Notably, the distribution of MG4 categories was highly consistent with the result of rG4-seq25, which exploited reverse transcriptase stalling reactions containing K+ with G4-stabilizing PDS prior to sequencing (Supplementary Fig. 5). Two quartets are most abundant in the result of rG4-seq (K+–PDS), ~39% of detected G4 sequences, which is 40% in our method.
Applicability evaluation of G4-miner by public datasets
To evaluate the applicability of G4-miner, we tested the method by using public resequencing datasets of six species whose reference genomes are known. The sequencing depth of the selected species was at least ×50 (Supplementary Table 8). The density of PG4s varies among species, from 1.56 PG4s per million bases to 89.42 PG4s per million bases (Table 2). The threshold guanine content calculated for each genome ranged from 24 to 29% based on the criterion that 99% of PG4-positive segments were greater than the threshold. As a result, the detection rates of predicted canonical quadruplexes range from 32 to 58%. The results of Homo sapiens using public datasets are highly consistent with the results of local datasets, not only the number of detected PG4 but also the distribution of MG4 categories. All kinds of G4 sequences were detected in the datasets of each species, and the distribution of MG4 categories was diverse among species (Supplementary Table 8). All the results demonstrated that G4-miner is reliable and widely applicable in quadruplex detection.
Evaluation of the influence of SNVs on G4 formation
SNVs are the differences at specific nucleotide locations in the genome and are one of the most important genetic variations among individuals.
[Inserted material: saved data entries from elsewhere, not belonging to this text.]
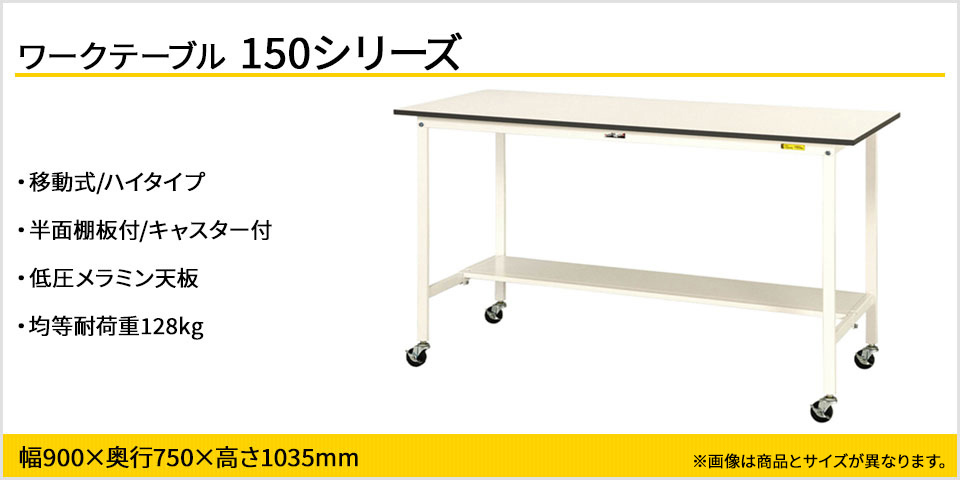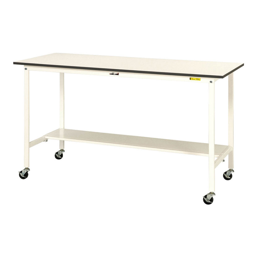コストダウンと強度の確保を両立したエコモデルの作業台。全体均等耐荷重128kgで梱包や検品等、軽作業に適しています。自在ストッパー付きのゴムキャスターでレイアウト変更が簡単にできます。高さ1035mmで少し高めの立ち作業にお使いいただけます。天板は低圧メラミン化粧板、カラーはホワイトを基調としたシンプルデザインで作業現場・オフィス・学校・イベント会場など多様な環境にマッチします。足元に余裕がありながら荷物も置ける半面棚板付き。
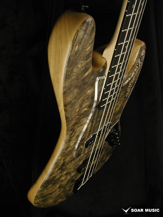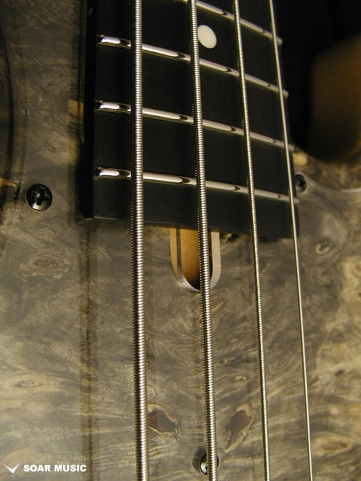 また、ブリッジは通常のジャズベースブリッジと同じトップローダー(表通し)での弦の張り方だけではなく、スルーボディ(裏通し)にも対応。
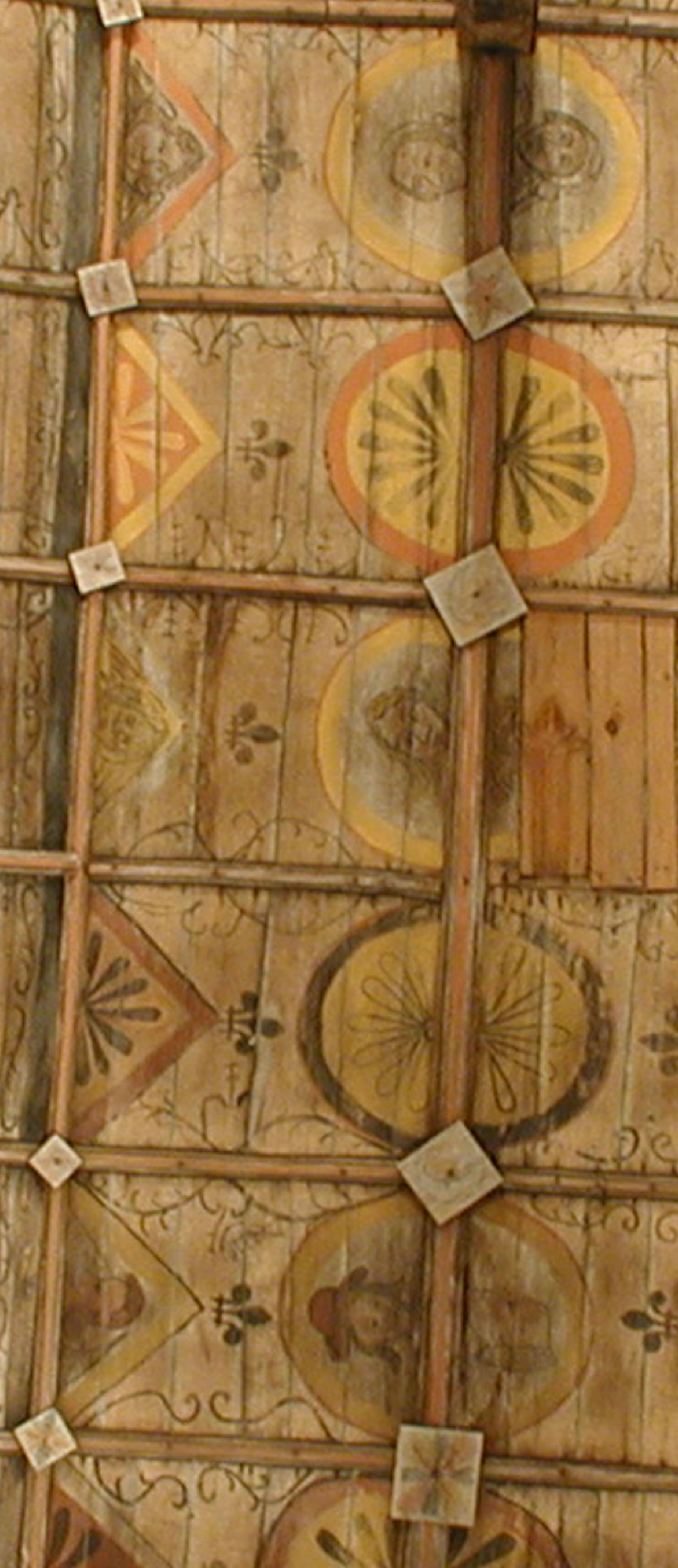 Ses 92 visages peints sur un lambris de bois de châtaignier en forme de coque de vaisseau renversée, ont été réalisés en 1634 , d’après un cartouche peint sur la voûte, par Jean Julian, peintre, et Julien Vérité qui était alors chirurgien et procureur de la « Fabrique ».

The alteration of single nucleotides might have different consequences at the phenotypic level36. Some of them might have different consequences in G4s, including controlling the formation, altering the structure, and influencing the stability. Therefore, we inspected SNVs in the whole human genome of GM12878, both homozygous SNVs and heterozygous SNVs. For homozygous SNVs, we PG4s again using the modified genome, which altered nucleotides in specific locations. Due to the alternation of homozygous SNVs, 1502 new PG4s were predicted in this time, where 48% of them (728 PG4s) were identified as MG4s and 1077 existing PG4s were not predicted, where 60% of them (643 PG4s) were not recognized as MG4s (Experiment 1, Fig. 5a, b).
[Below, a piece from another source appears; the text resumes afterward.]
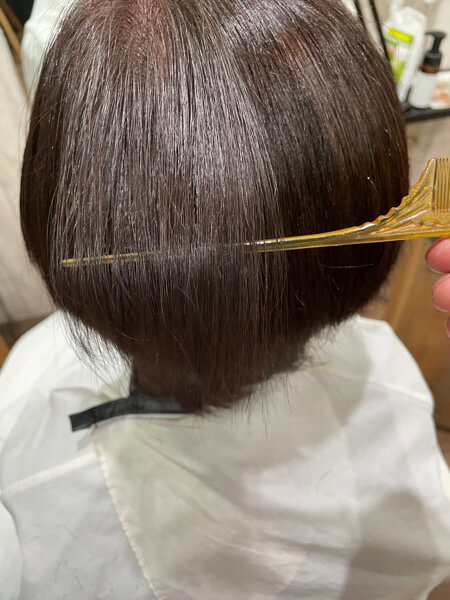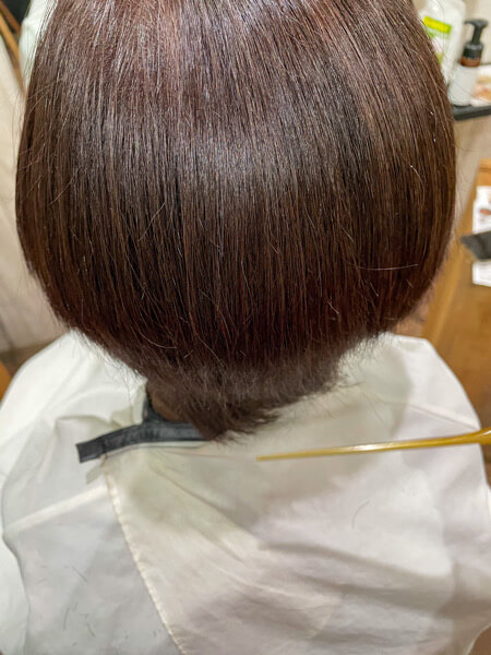継続しているので艶感はまだ残っているのですが、カラーの褪色と毎日ストレートアイロンを使うとの事で乾燥による広がりが気になります。
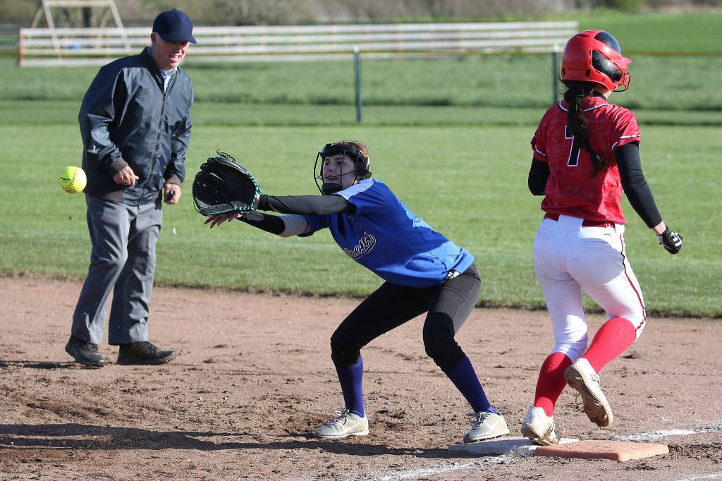 Coupeville’s Scout Smith (7) reaches first base before South Whidbey’s Melody Wilkie makes the catch as umpire Randy James looks on.(Photo by John Fisken)

a The alteration of a homozygous SNV (rs11264880) causes the formation of a G4 structure and was detected. b The alteration of a homozygous SNV (rs10915961) prevents the formation of the G4 structure and was not detected. c Two alleles of the heterozygous SNV (rs369859441, G/A) have different influences on the formation of the G4 structure and were demonstrated by G4-miner (formed: allele G; not formed: allele A). The green shadows present the regions of the sequences.
For heterozygous SNVs, we classified the sequencing reads into two groups based on allele types to identify MG4s separately. Among all heterozygous SNVs, 7.17% (186,904) showed different influences on the formation of G4s in the plus strand and 6.28% (163,666) in the minus strand (Fig. 5c and Table 3). All homozygous and heterozygous SNVs associated with G4s are individual-specific G4s that might contain individual differences in chromatin architecture and many fundamental biological processes, such as DNA replication and gene regulation. Our results show that G4-miner can characterize G4s for specific individuals.